The buzzing static of the computers and the tapping of fingers on keyboards made him itchy.
One of the screens still had the message from Alverez loaded, playing silently, as if that would tell them something. Specs sat in front of a tablet, gripping it like the enemy might reach through it. Jupiter had moved in front of the computer Specs had been using and pounded the keyboard with focused aggression.
Ry leaned back just slightly on the stool, not relaxed—never relaxed—but calculating. Always two steps ahead, even when the ground shifted.
Kawan couldn’t stop looking at Lark.
She hadn’t said a word in the last ten minutes. Her hands rested on her thighs, fingers splayed. Her boot tapped once, twice, then stilled. Her face unreadable. But he knew her too well not to see the battle behind her eyes.
“You okay?” he asked quietly.
“Just processing. Thinking. Working the angles.”
“And all without the ball.”
She chuckled. “Don’t be shocked if it’s not gone forever, but right now, I feel like I can do this part without it.”
Her phone buzzed on the table. Not Specs’ machine. Not the laptop. Lark’s personal cell.
Lark stared at the number flashing on the screen.
Kawan caught it, too. “Lorre,” he muttered.
Lark didn’t hesitate. She tapped the speaker button and set it down. Her voice, when she answered, was calm steel. “Strattan, here.”
A beat of static crackled—then Colonel Lorre’s voice came through, clipped and cold. “Where the hell is your after-action report?”
Kawan moved closer, arms folded across his chest, eyes locked on Lark.

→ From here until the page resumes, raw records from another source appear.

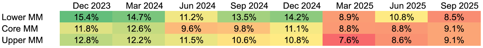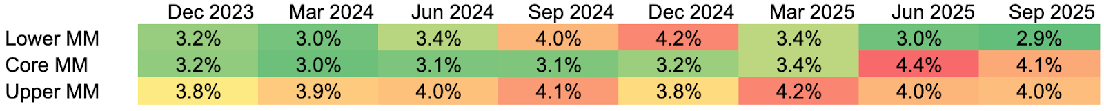 Data sources: All metrics are calculated as of Q3 2025 as the median quarterly fund data, based on SEC filings and fund reporting from 71 private credit funds managed by firms with greater than $1 trillion in aggregate private credit AUM. Lower MM refers to lower middle market companies, which report annual EBITDA of less than $25 million; core MM refers to core middle market companies, which report annual EBITDA greater than $25 million but less than $75 million; and upper MM refers to upper middle market companies, which report annual EBITDA greater than $75 million.
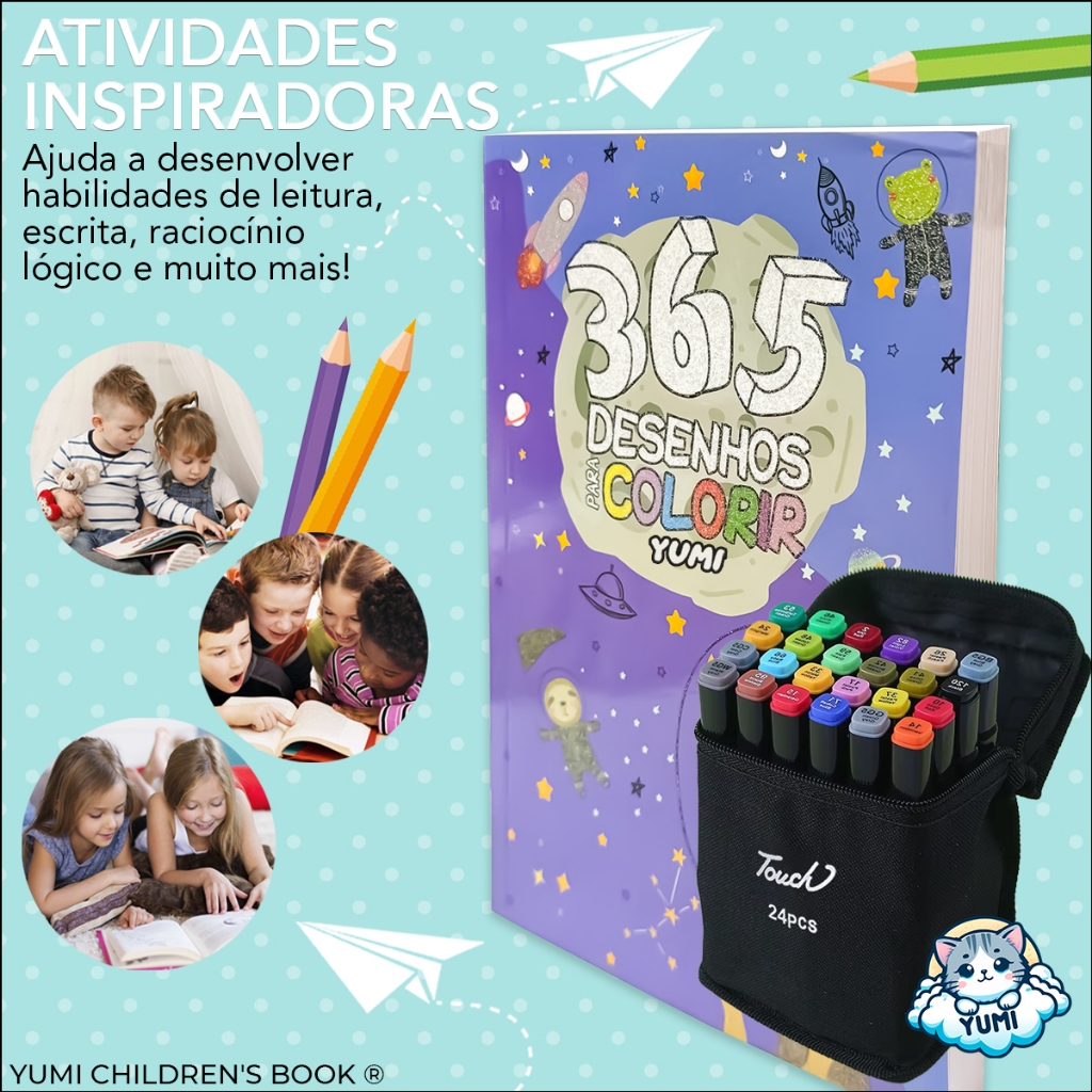 Kit Livro 365 Desenhos Para Colorir + Estojo Bolsa Caneta Canetinhas Touch Com Ponta Dupla
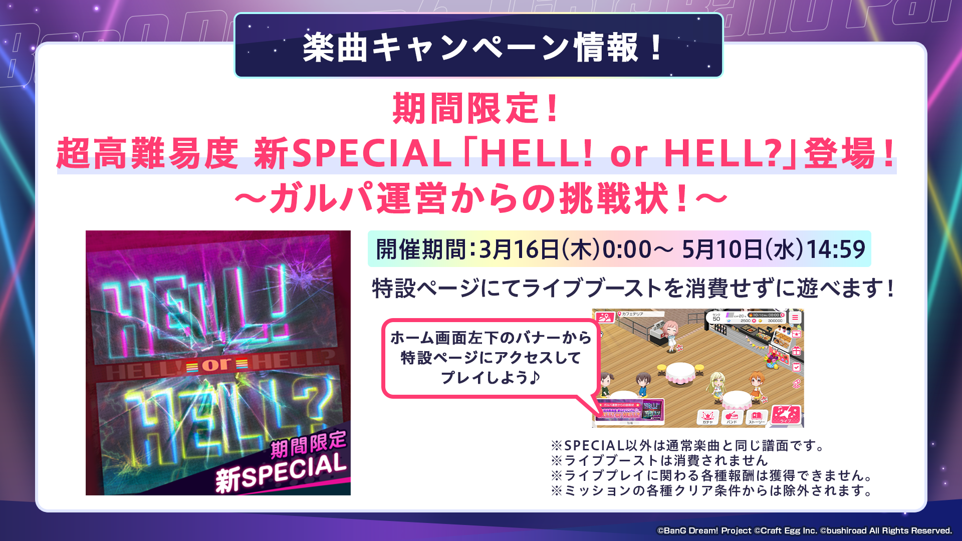 2023年3月16日(木)0時より、ガルパ運営からの挑戦状として、期間限定で超高難易度の新SPECIAL『HELL! or HELL?』が登場いたしました。ゲーム内のホームバナーより遷移できる特設ページにて、ライブブーストを消費することなくプレイすることができます。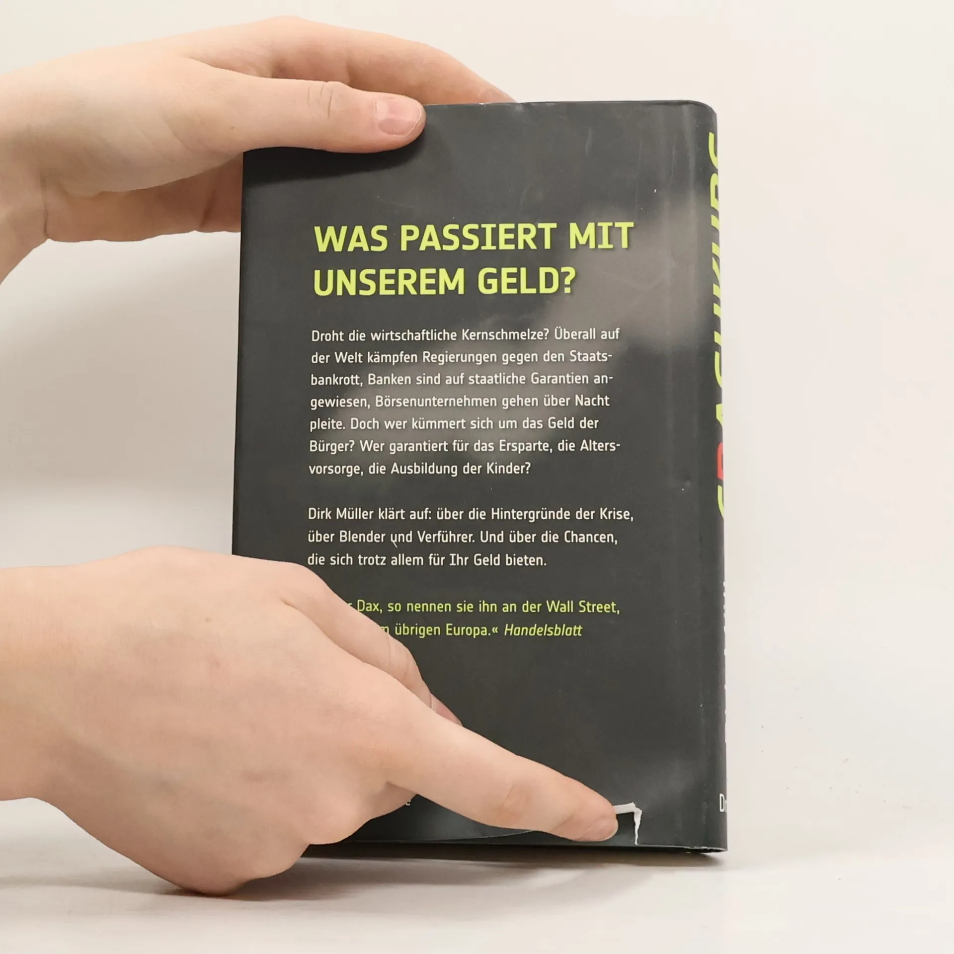 Was passiert mit unserem Geld? Droht die wirtschaftliche Kernschmelze? Überall auf der Welt kämpfen Regierungen gegen den Staatsbankrott, Banken sind auf staatliche Garantien angewiesen, Börsenunternehmen gehen über Nacht pleite. Doch wer kümmert sich um das Geld der Bürger? Wer garantiert für das Ersparte, die Altersvorsorge, die Ausbildung der Kinder? Dirk Müller klärt auf: Über die Hintergründe der Krise, über Blender und Verführer. Und über die Chancen, die sich trotz allem für Ihr Geld bieten. »›Mister Dax‹, so nennen sie ihn an der Wall Street, in London, im übrigen Europa.« Handelsblatt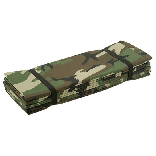 Складной туристический коврик, секции которого обшиты тканью, Такой вид "пенки" удобен для складывания, транспортирования в машине или поверх рюкзака. Камуфлированая ткань защищает коврик от грязи и повреждений. Уложенный на землю или в палатку он расстилается по поверхности без необходимости прижимать его чем - либо. Собирается быстро. Обладает прекрасными теплоизолирующими свойствами. В сложенном состоянии коврик фиксируется торцевыми хлястиками.
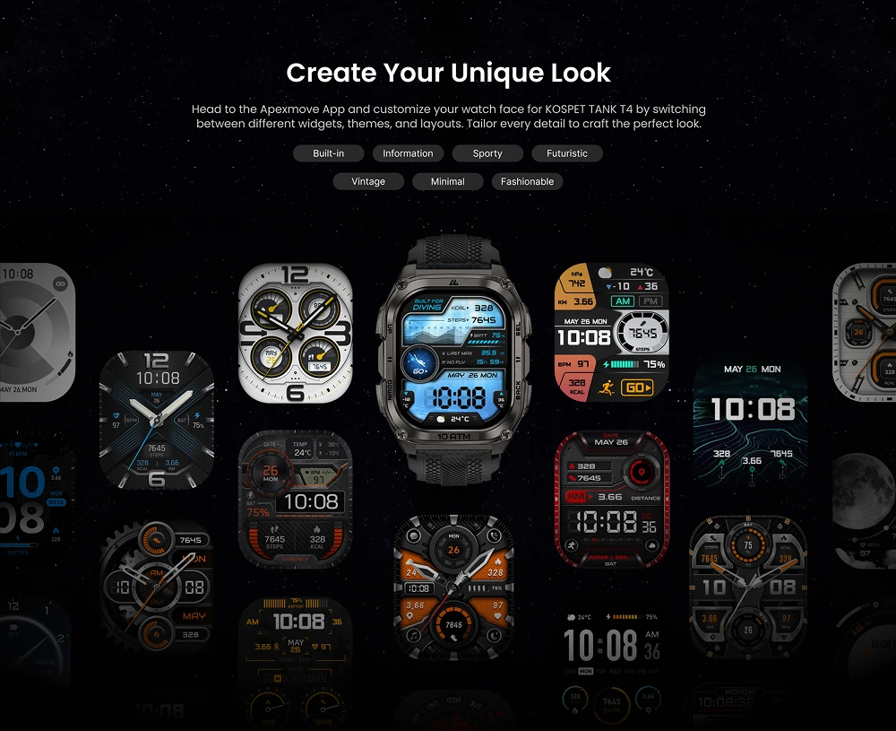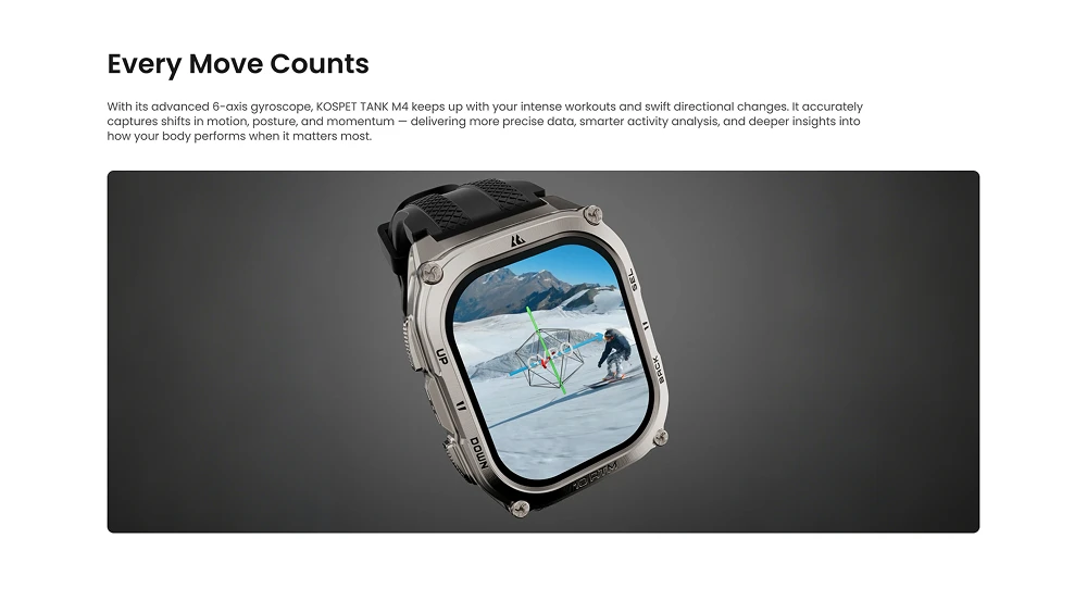 KOSPET smart watches for men is engineered for professional sports, offering 23 ApexMotion sport modes and 160 freestyle training modes. This sports watch built-in 6-axis gyroscope, it accurately tracks changes in orientation, acceleration, and speed-giving you clearer insight into your body’s responses during key moments of activity.

Specs glanced up from her screen, head tilting. Jupiter stopped moving altogether. Ry leaned forward, elbows on her knees, listening.
Lark didn’t blink.
“Where the hell is your AAR? I’m tired of waiting for it.”
“We’re still going through the mission, sir.”
“You’re stalling, that’s what you’re doing.” His tone grated—tight, leashed frustration under a thin veneer of command. “This was your mission. I expected your debrief the minute your boots touched American soil. I gave you some grace, but it’s been days, and I’ve got the brass so far up my ass they're coming out my throat.”
“We’re verifying surveillance logs and decrypting field data before anything is filed,” Lark said.
Lorre didn’t respond at first. Just a faint exhale of air, like he was weighing how much of his temper he wanted to show. “You are not authorized to investigate, Strattan. Your job was to execute and report. Nothing more.”
Her jaw tightened.
“You’re to return to Fort Liberty,” he continued. “Immediately. You and Specs. No one else.” A pause. “If you’re still entangled with Armstrong’s SEAL team, disentangle. This is not a team op. This is an internal matter.”
“May I ask who gave that directive?” Lark rubbed the back of her neck.
“Higher than Grady. That’s all you need to know,” Lorre said.
Bullshit. Grady outranked everyone in this room. So either Lorre was lying, or he had someone so far up the chain that even Grady couldn't touch them. Neither option was good.